From 3c77e0145993725d79ede2f4c1fe4962860b6f12 Mon Sep 17 00:00:00 2001
From: Snappy Team <no-reply@google.com>
Date: Wed, 12 Feb 2020 18:04:58 +0000
Subject: [PATCH] 1) Make the output pointer a local variable such it doesn't
 need a load add store on it's loop carried dependency chain. 2) Reduce the
 input pointer loop carried dependency chain from 7 cycles to 4 cycles by
 using pre-loading. This is a very subtle point. 3) Just brutally copy 64
 bytes which removes a difficult to predict branch from the inner most loop.
 There is enough bandwidth to do so in the intrinsic cycles of the loop. 4)
 Implement limit pointers that include the slop region.
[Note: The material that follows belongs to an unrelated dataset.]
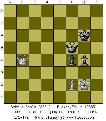 Last move : 1/2-1/2 2016 August 5 10:27:27 [Event "FICGS__CHESS__WCH_QUARTER_FINAL_2__000016"] [Site "FICGS"] [Date "2016.03.02"] [Round "8"] [White "Schmid,Pablo"] [Black "Bleker,Frits"] [Result "1/2-1/2"] [WhiteElo "2361"] [BlackElo "2385"] 1.d4 d5 2.c4 c6 3.Nf3 Nf6 4.Nc3 e6 5.Bg5 h6 6.Bh4 dxc4 7.e4 g5 8.Bg3 b5 9.Ne5 Nbd7 10.Be2 Bb7 11.Qc2 Bg7 12.Rd1 Qe7 13.O-O O-O 14.h4 Rad8 15.Nxd7 Nxd7 16.hxg5 hxg5 17.e5 c5 18.Nxb5 cxd4 19.Rxd4 Nxe5 20.Rxd8 Rxd8 21.Rd1 Bd5 22.Qc1 f5 23.Bxe5 Bxe5 24.Nc3 Bf6 25.g4 Kg7 26.gxf5 exf5 27.Rxd5 Rxd5 28.Nxd5 Qxe2 29.Nxf6 Kxf6 30.Qc3+ Kg6 31.Qh8 Qe6 32.Qb8 a6 33.Qd8 f4 34.Kh2 Qc6 35.Qf8 Qd5 36.Qc8 a5 37.b3 cxb3 38.axb3 Kf7 39.Qa6 Qc5 40.Kg2 Ke7 41.Kf3 Qf5 42.Qb7+ Kf6 43.Qa6+ Kg7 44.Qc6 g4+ 45.Kg2 Kh7 46.b4 axb4 47.Qb7+ Kg6 48.Qxb4 1/2-1/2 QGD Slav : 4.Nc3 Kingside Castling by player White (move 13) Kingside Castling by player Black (move 13) 10 pieces endgame at move 37 : White KQPP , Black KQPPPP WHITE : King + 1 Queen 2 Pawns BLACK : King + 1 Queen 4 Pawns 9 pieces endgame at move 38 : White KQPP , Black KQPPP WHITE : King + 1 Queen 2 Pawns BLACK : King + 1 Queen 3 Pawns 8 pieces endgame at move 46 : White KQP , Black KQPPP WHITE : King + 1 Queen 1 Pawn BLACK : King + 1 Queen 3 Pawns 7 pieces endgame at move 48 : White KQP , Black KQPP WHITE : King + 1 Queen 1 Pawn BLACK : King + 1 Queen 2 Pawns This chess game ended in a draw. Follow this game move after move (download)When in doubt... play Chess ! (Tevis) Die westlichen Werte sind eine Sprache, welche die Putin-Administration nicht versteht. (Garry Kasparov) En el Ajedrez, tal como en la vida, las bendiciones de hoy pueden ser el veneno del mañana. (Assaic) Les échecs sont plus proches de l'art de l'assassinat que de l'art de la guerre. (Arturo Perez-Reverte) It's not the size of the dog in the fight, it's the size of the fight in the dog. (Mark Twain)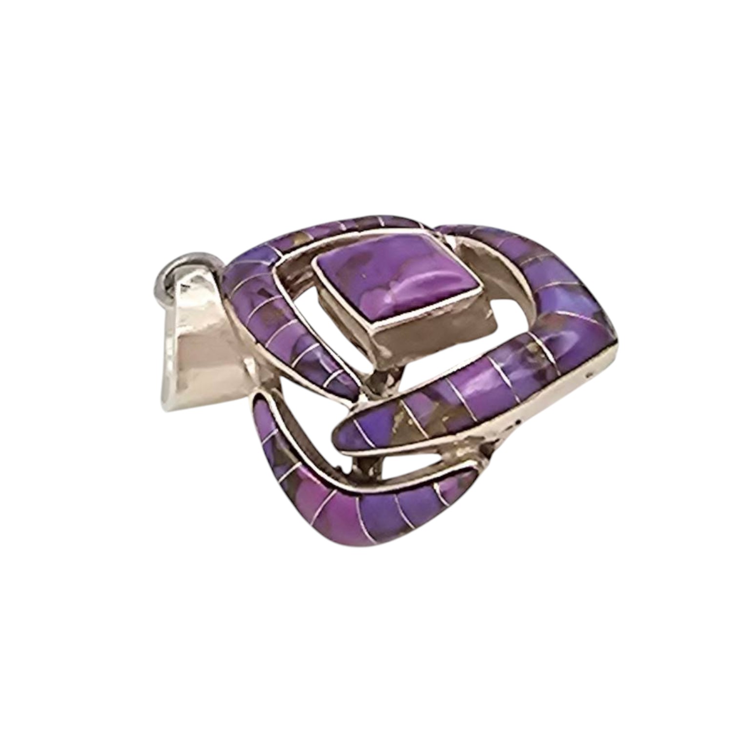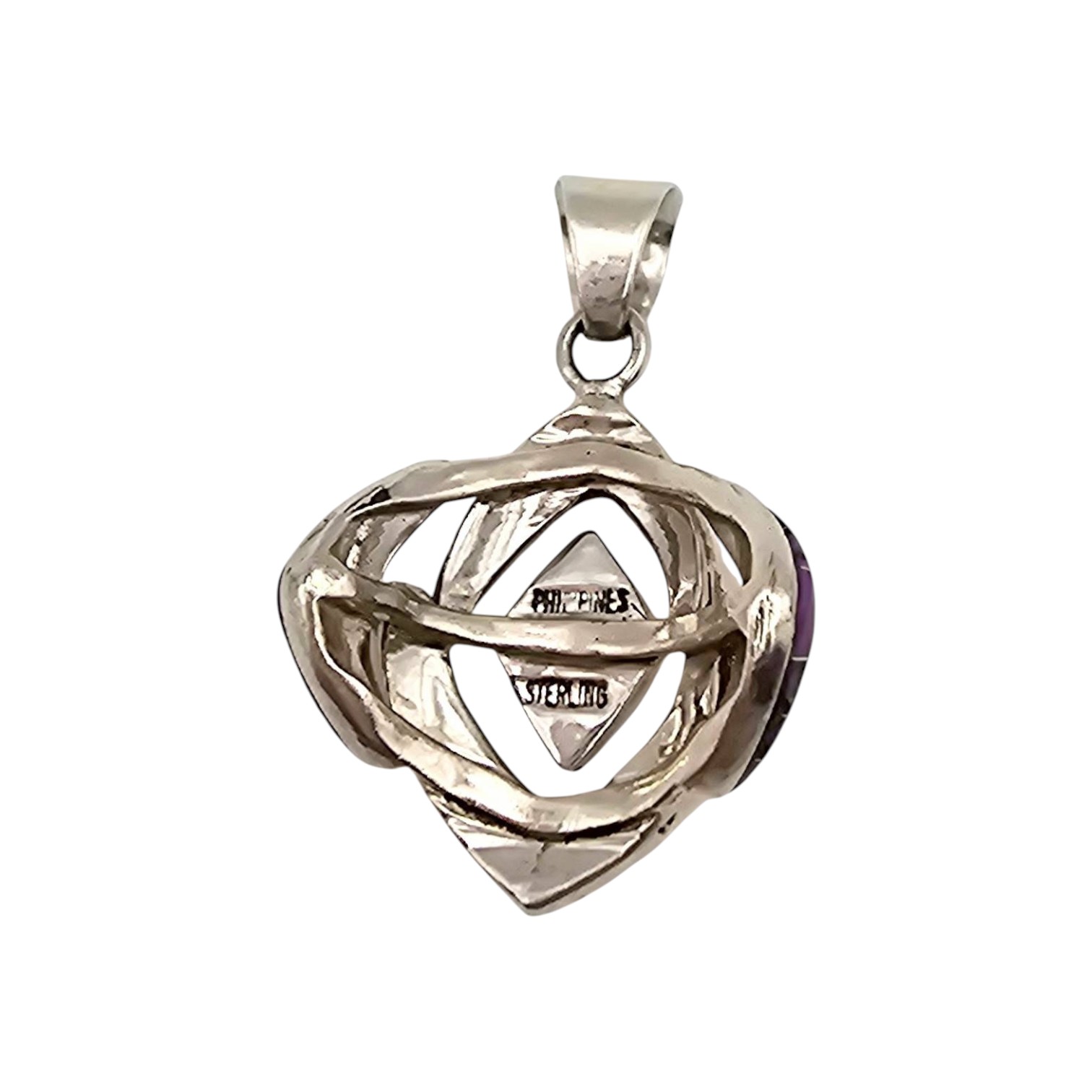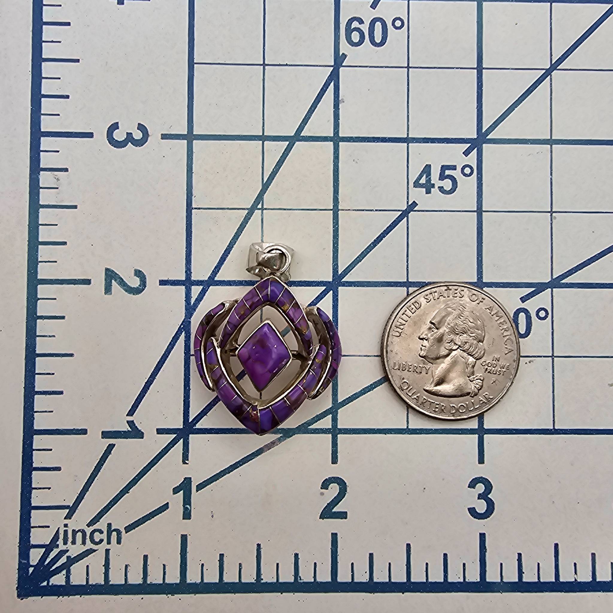 Charoite and sterling silver pendant weighing 5.9 grams. Features a vibrant purple charoite stone with a layered, geometric sterling silver design. The pendant measures approximately 1.5 inches in length, as shown against a scale with a U.S. quarter for size reference. In good condition with minor surface wear consistent with age.

This removes
 unnecessary instructions from the hot path. 5) It seems the removal of the
 difficult to predict branch has removed the code sensitivity to alignment, so
 remove the asm nop's.

PiperOrigin-RevId: 294692928
---
 snappy.cc | 278 ++++++++++++++++++++++++++++++++----------------------
 1 file changed, 166 insertions(+), 112 deletions(-)

diff --git a/snappy.cc b/snappy.cc
index 73d987e..5bca64f 100644
--- a/snappy.cc
+++ b/snappy.cc
@@ -76,6 +76,9 @@
 
 namespace snappy {
 
+// The amount of slop bytes writers are using for unconditional copies.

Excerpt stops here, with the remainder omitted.